Given that Congress doesn’t seem likely to vindicate its interests in a satisfactory manner through the first two options, that leaves the one that has lain dormant since 1935. They could, for example, have the Sergeant-At-Arms arrest Don McGahn and hold him over for trial in the House.
Before I go on, I must warn you that this too could fail. There are some judicially-imposed limitations on Congress’s inherent contempt authority. Namely, based on the partially-superseded 1881 Kilbourn v. Thompson ruling, the information Congress seeks must be plausibly related to legislation they might pass or some regulatory scheme they’ve enacted. A conservative Supreme Court might find reasons to side with the president and argue that anything from his tax returns to the relevancy of the infamous Trump Tower meeting with the Russians does not meet that criteria.
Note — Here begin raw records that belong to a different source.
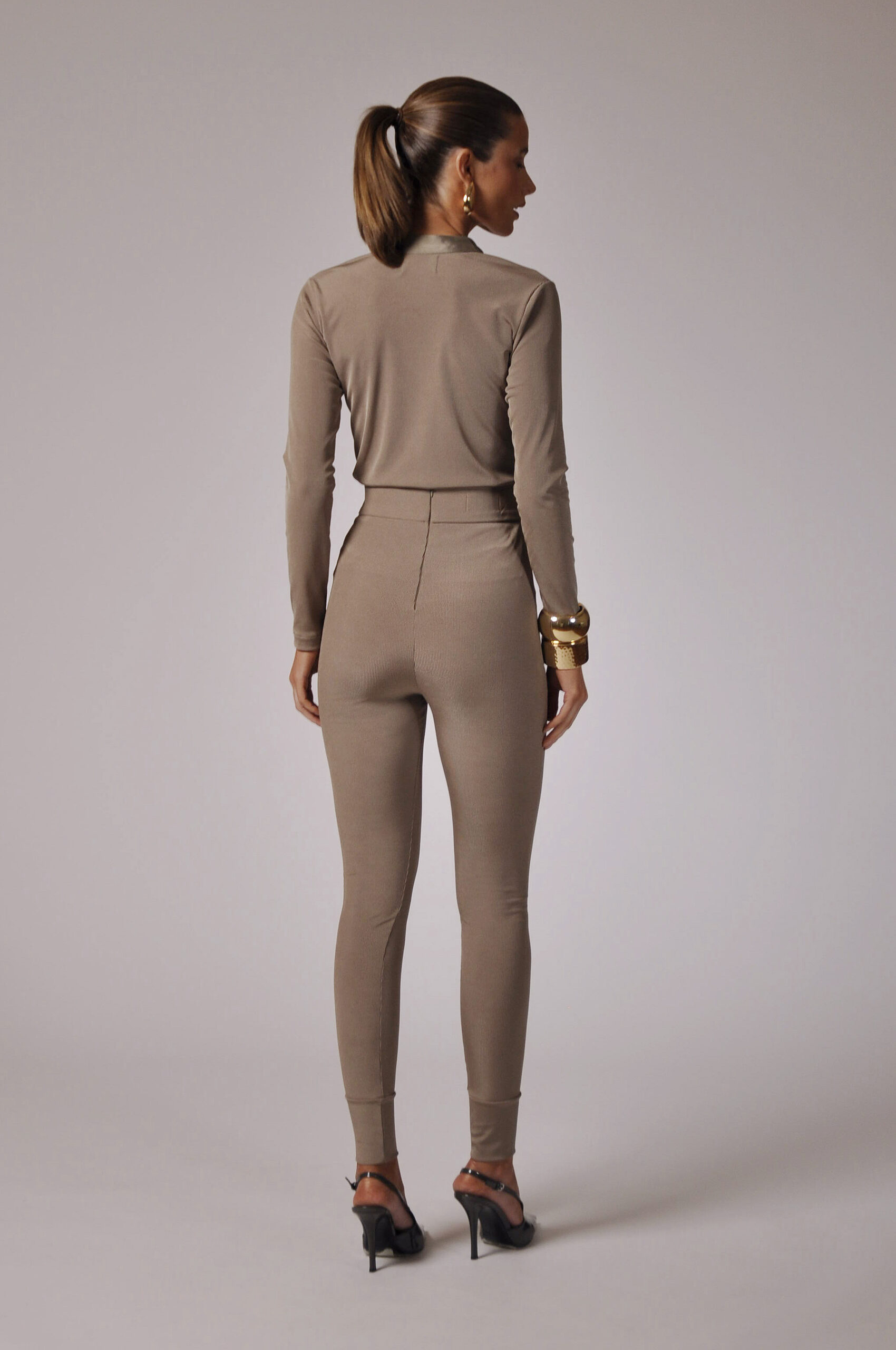 LEGGING GENEBRA ELÁSTICO NO CÓS, PUNHO, BOTÕES FRONTAIS E FECHAMENTO POSTERIOR EM ZÍPER.
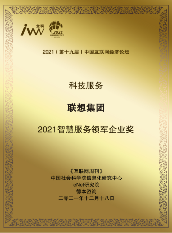 无独有偶,近日,由《互联网周刊》、中国社会科学院信息化研究中心、eNet研究院、德本咨询联合发布了互联网经济论坛的最高荣誉“金i奖”,并将备受瞩目的ICT服务类重磅大奖“2021智慧服务领军企业将”授予了联想智慧服务。
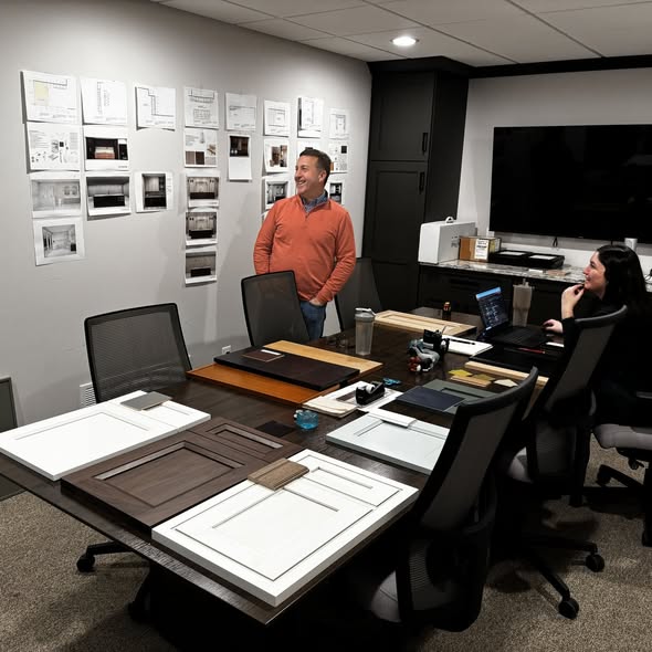 Meanwhile, back at our current showroom, owners Mike & Matt are having some “selection meetings” of their own with our designers, choosing the perfect combination of cabinetry, hardware, and tile for our upcoming displays. We can’t wait to see it all come together!
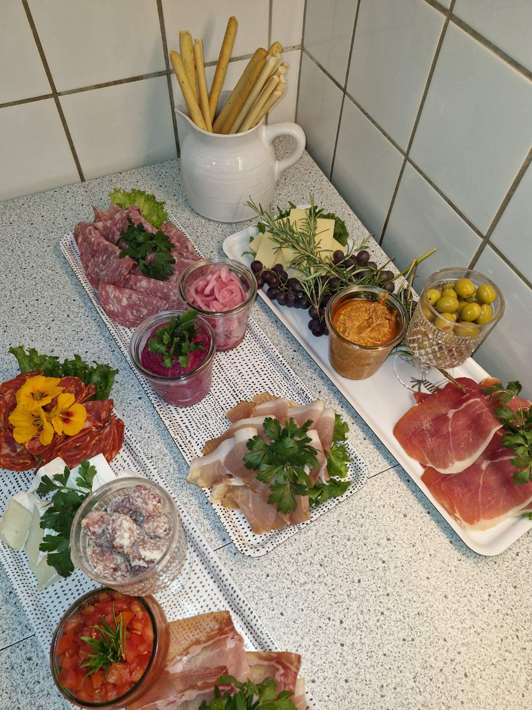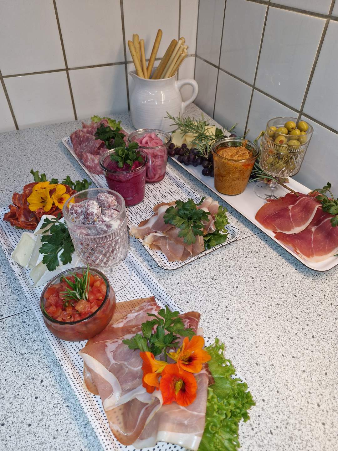 Forskellige oste og tilbehør (Pesto, oliven, soltørrede tomater osv.)

However, based on strong precedent and the facts at hand, Congress would still be an excellent position to win any challenge to their authority to hold a contempt trial of their own for Don McGahn and for other holdouts, like former chief of the White House’s Personnel Security Office Carl Kline.
After a careful review of the relevant case law and congressional precedent, Garvey concludes that the House could create a select committee dedicated to compelling the enforcement of their subpoenas, which would help them avoid tying up regular business on the floor.
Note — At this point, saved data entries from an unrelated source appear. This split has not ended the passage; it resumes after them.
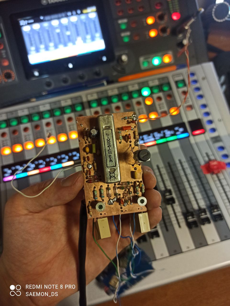 А пока, я упростил схему, убрав один пока не нужный генератор и заменив-упростив варикапное управление вторым генератором просто переменным кондёром. Но и этот вариант не работает. Меряю частотомером везде где могу. ЧастОты вроде бы везде есть. На входе и выходе ЭМФ есть. (во втором и третьем контуре заменил короткие сердечники на длинные, чтобы быстро их всовывать-высовывать (и резьбу не разнашивать) , чтобы вообще понимать, влияет ли эта настройка или нет). Прохождение звука я пытаюсь отслеживать, но не знаю, что с ним происходит после R9, кроме того что он гасится примерно на процентов 70. (там уже осциллом надо работать, но его нету). И повторяю свой вопрос про совсем мне не понятное что-то..(постоянное напр.?) идущее с точки соединения R4+R5 на правую часть схемы. И в диодный смеситель и в оконечный каскад усиления. Где Вы, энтузиасты? Собрали вы свои варианты? Поделитесь знанием - как вы определили начала и концы обмоток катушек-контуров?)
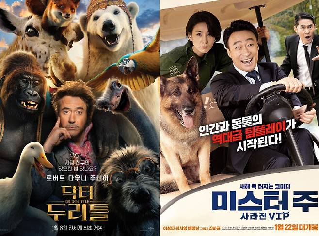 지난 8일 개봉해 150만명 이상의 관객을 동원한 로버트 다우니 주니어 주연의 할리우드 영화 '닥터 두리틀'(감독 스티븐 개건)과 22일 개봉한 이성민 주연의 한국영화 '미스터 주:사라진 VIP'(감독 김태윤)가 그것.
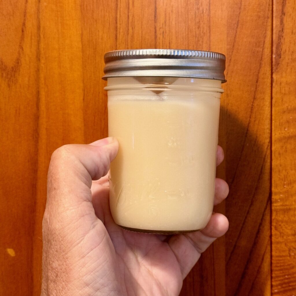 This jar will go in the fridge with a couple of others. I have a lot of tallow from my recent cooks. I may give this one away as I really have more than I need.

Ordinarily, I would never advocate taking such a radical step. The procedure seems anachronistic, and the idea that a citizen can receive a fair trial in a political body like the House of Representatives seems absurd and would probably be perceived that way by the modern mind. I don’t like the idea of Congress locking people up.
But the Trump administration is taking steps more alarming, radical and norm-shattering than what I am proposing. I honestly don’t see how Congress has any alternative other than to lose this battle, and a lot of their power and prestige along with it.
[C]ongress needs to invoke their inherent contempt authority less for themselves than for the rest of us. This rogue presidency is dangerous and cannot be left unchecked. There is still one way to check them, and as crazy as it might sound, it’s perfectly legal and has a long history.
Congress needs to get rough with non-complying witnesses and lock ’em up.
“Lock them up! Lock them up! Loch them up!” Karma’s a bitch.